A follow-up of sorts, the 1889 piece depicted surgeon David Hayes Agnew overseeing a partial mastectomy in a medical amphitheater. It was denied a spot in 1891's Pennsylvania Academy of the Fine Arts and 1892's New York's Society of American Artists before being accepted to 1893's World's Columbian Exposition, where it was criticized for its graphic depiction of surgery and female nudity. (One art critic warned that “delicate or sensitive women or children suddenly confronted by the portrayal of these clinical horrors might receive a shock from which they would never recover.”)
14. JEFFERSON MEDICAL COLLEGE WAS QUICK TO CLAIM THE GROSS CLINIC.
The Gross Clinic did not have to linger long in the U.S. Army Post Hospital. Alumni of the college it depicts acquired the piece for $200 and gifted it to the Jefferson Medical College. For more than 131 years, the polarizing portrait was a proud part of the school's collection.
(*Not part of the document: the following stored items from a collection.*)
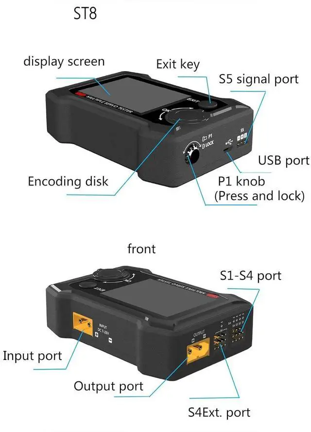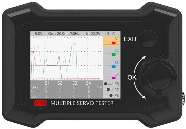 ST8 is data tester which is capable to test the voltages, energy, current, speed and data of the Servos.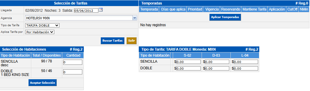 Se mostrarán las tarifas para cada tipo de habitación en la ventana inferior derecha, esta información es sólo de consulta.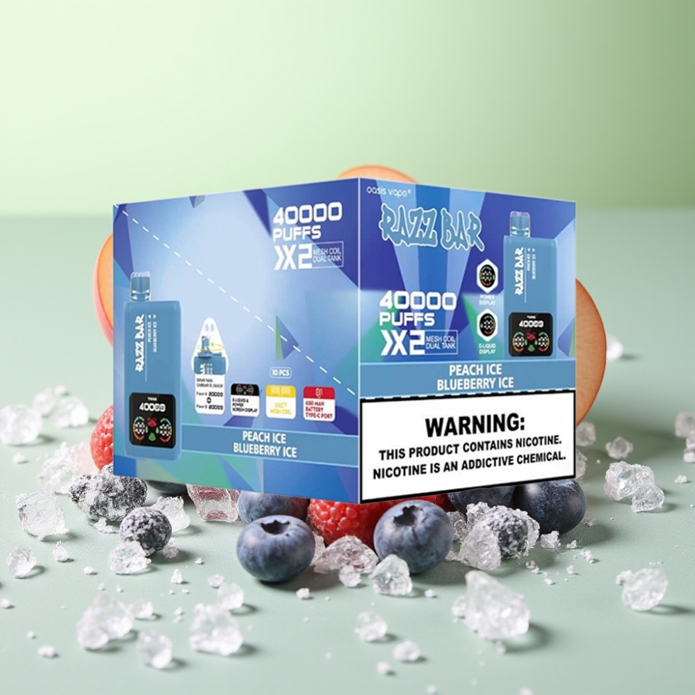 Razz Bar 40000 نفخة فيب قابل للتخلص بنكهة الخوخ الجليدي والتوت الأزرق الجليدي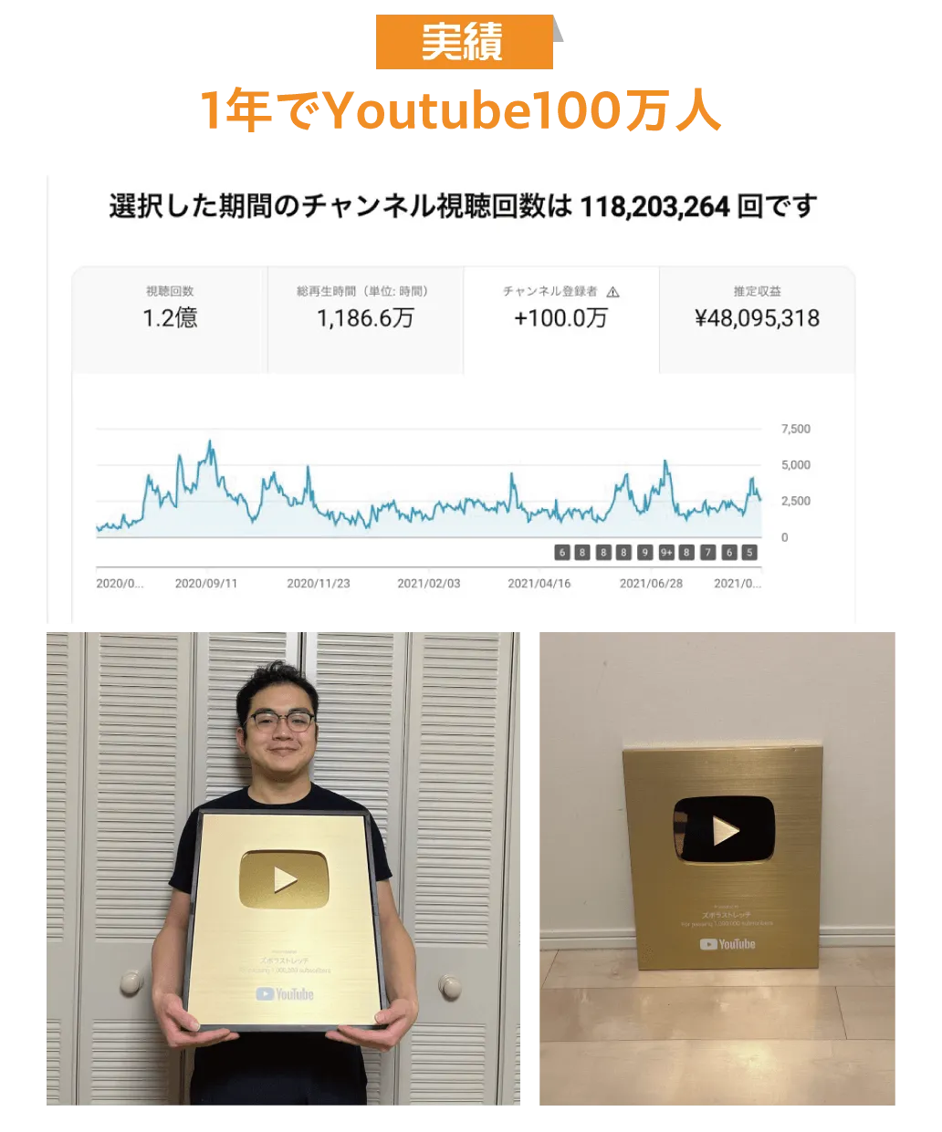 5ヶ月目で収益化、6ヶ月目でチャンネル登録1万人達成、10ヶ月目で50万人達成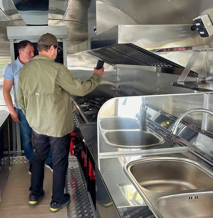 Recently I passed through his city and I had the opportunity to take a look at the progress on their project. Like most things that are worthwhile in life, the project has not been easy, but Grisha and his team have learned a lot about trailers and mobile kitchens throughout the process. The task of designing, ordering and securing the mobile kitchen fell to Igor, who was happy to walk me through it and explain what things were and where everything will go.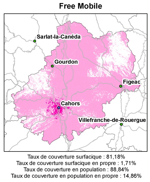 La ville de Cahors et ses alentours sont couverts par les antennes de Free ce qui représente 1,71% de la surface du département et 14,86% de la population. Le reste du département est sous le réseau d’Orange excepté quelques zones à l’ouest et au nord est.
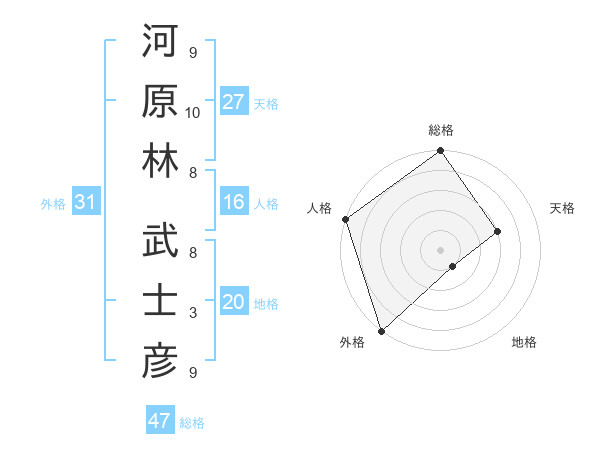 河原林 武士彦さんを姓名の画数から五運を鑑定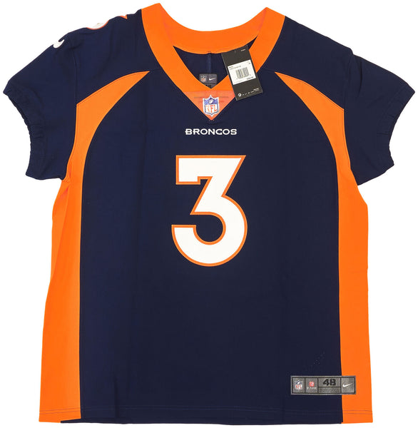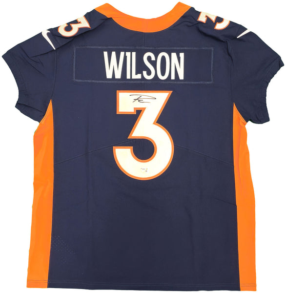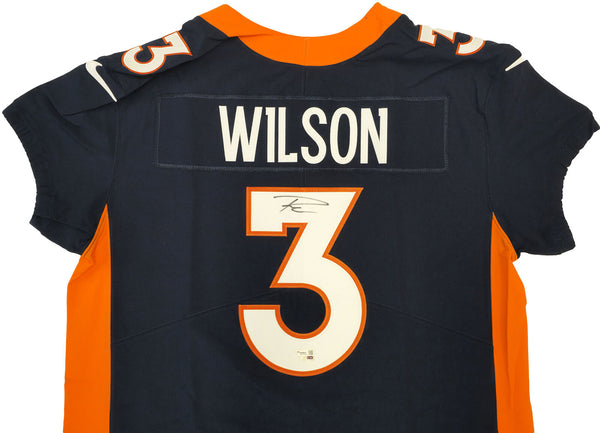 This is a Blue Nike Denver Broncos Elite Jersey that has been hand signed by Russell Wilson. This jersey is Size 48. This item has been certified authentic by Fanatics and comes with their tamper-proof sticker.
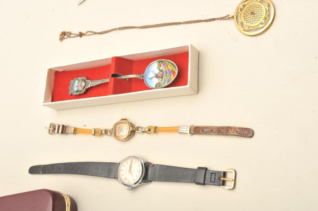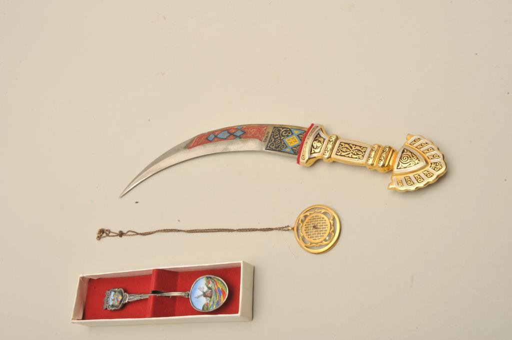 Swiss watch, Pikes Peak masonic souvenir trowel, plated pendant Toledo letter opener, and 1950s Holland marked enamel spoon. Est.: $75-150
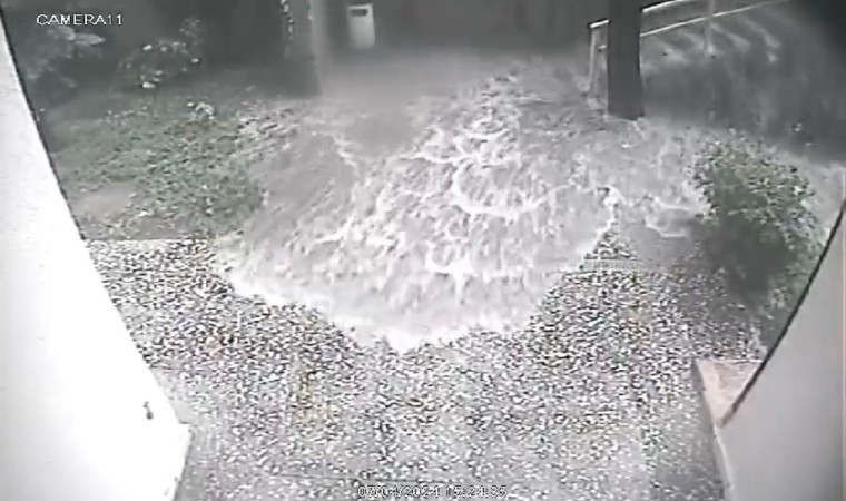 Sel esnasında suların siteyi basması da güvenlik kamerasına saniye saniye yansıdı

In 2006, a reproduction took its place when the board voted to sell Eakins' masterpiece for $68 million, sparking a citywide controversy in Philadelphia.
15. A BATTLE BEGAN TO KEEP THE PAINTING IN PHILADELPHIA.
To boost its fundraising efforts, Thomas Jefferson University—which houses Jefferson Medical College—made plans to sell the piece to such far flung institutions as the National Gallery of Art in Washington or the new Crystal Bridges Museum of American Art in Bentonville, Arkansas. Outrage from the local art community spurred the University to allow 45 days for a Philadelphia museum or organization to match their asking price.
The going was slow at first, but amid public outcry the deadline was extended. The Philadelphia Museum and the Pennsylvania Academy of the Fine Arts teamed up to raise enough money to keep The Gross Clinic in the City of Brotherly Love. Funds were borrowed, and paintings from both art collections were sold, including Eakins' The Cello Player and Cowboy Singing. Finally, in April 2008, the joint effort officially secured The Gross Clinic's place in Philadelphia, where it had long been a part of the city’s history and culture.